Lost and Found in Elaborate Day-Dreaming - 87%

bayern, September 11th, 2018

Day-dreaming can sometimes produce some really positive results, I tell you, as is the case with our friends here who detonated the underground with their vociferous, albeit occasionally stylish death/grind outrages on a string of demos in the early/mid-90’s before deciding to give those day-dreams a more wholesome shape with the album reviewed here.

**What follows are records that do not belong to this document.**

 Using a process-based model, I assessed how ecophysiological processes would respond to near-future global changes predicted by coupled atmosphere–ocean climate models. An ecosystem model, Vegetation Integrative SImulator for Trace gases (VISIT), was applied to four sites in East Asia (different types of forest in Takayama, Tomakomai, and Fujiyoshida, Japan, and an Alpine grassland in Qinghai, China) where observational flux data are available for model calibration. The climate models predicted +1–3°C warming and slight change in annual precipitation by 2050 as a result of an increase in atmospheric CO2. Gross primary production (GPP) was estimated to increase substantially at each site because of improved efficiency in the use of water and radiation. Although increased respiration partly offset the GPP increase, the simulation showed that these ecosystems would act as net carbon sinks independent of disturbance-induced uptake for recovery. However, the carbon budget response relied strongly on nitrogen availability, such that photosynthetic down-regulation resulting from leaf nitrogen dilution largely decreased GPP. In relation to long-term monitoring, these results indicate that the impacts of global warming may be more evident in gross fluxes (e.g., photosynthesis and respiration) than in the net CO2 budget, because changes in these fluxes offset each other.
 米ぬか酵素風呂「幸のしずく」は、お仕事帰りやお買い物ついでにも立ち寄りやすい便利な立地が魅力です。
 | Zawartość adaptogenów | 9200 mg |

This opus is a big step forward for the band into finely crafted semi-technical death metal, a tasty compendium of Pestilence’s “Consuming Impulse” and Death’s “Spiritual Healing”, with vociferous shouty Martin Van Drunen-like vocals guiding the show which starts quite dynamically with the brisk fast-pacers “Time Can See Everything” and the brilliant “Testimony of the Ancients” qualifier “Escape to Nowhere” those two raising the adrenaline level high at the beginning, also creating the impression that this could be a headbanging fest… and this is pretty much the case the delivery occasionally descending to heavy meandering, but never inordinately complex riff-patterns as evident from the brooding “People of Three Faces” although the ride remains unusually lively and energetic (“Impossibility of Conversion”, the “Spiritual Healing” leftover “Impossibility of Conversion”), with dark and moody (“Strands of the Past”) overtones timidly trying to impose their somber understanding of the death metal canons, before the arrival of two outstanding more technical showdowns “The Call from Elsewhere” and “Silent Pain” this last cut a wonderful progressively-laid out shredder with sudden lyrical digressions working against the elaborately brutal main frame.

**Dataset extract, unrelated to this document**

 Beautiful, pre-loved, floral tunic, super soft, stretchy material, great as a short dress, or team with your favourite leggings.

Regardless of the high level of musicianship on display, the whole package had the feel of a rehearsal for something grander and more ambitious, like the guys were testing the soil before embarking on a more exuberantly intricate journey sparkles of which were all over the effort here. Well, those lofty visions never materialized as the band reverted back to the old more pristine death/grindcore blend on the next two instalments, both bashing, relatively simplistic affairs which must have found their audience in the early-00’s as there were no any unforgivable defects on them, truth be told.

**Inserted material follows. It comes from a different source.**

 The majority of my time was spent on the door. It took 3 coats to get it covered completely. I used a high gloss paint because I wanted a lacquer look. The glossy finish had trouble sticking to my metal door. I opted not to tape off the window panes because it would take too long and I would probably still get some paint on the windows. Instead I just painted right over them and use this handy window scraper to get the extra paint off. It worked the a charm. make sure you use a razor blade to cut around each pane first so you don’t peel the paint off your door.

It’s just that technical, or at least semi-technical death metal are distant memories on those, the re-release of the early demos in 2012 not helping the audience much in achieving the intended total recall regarding the album reviewed here. The state of day-dreaming would do the trick, I’ve heard some people say… there have never been elaborate death wishes crushed during such sleep-inducing musings.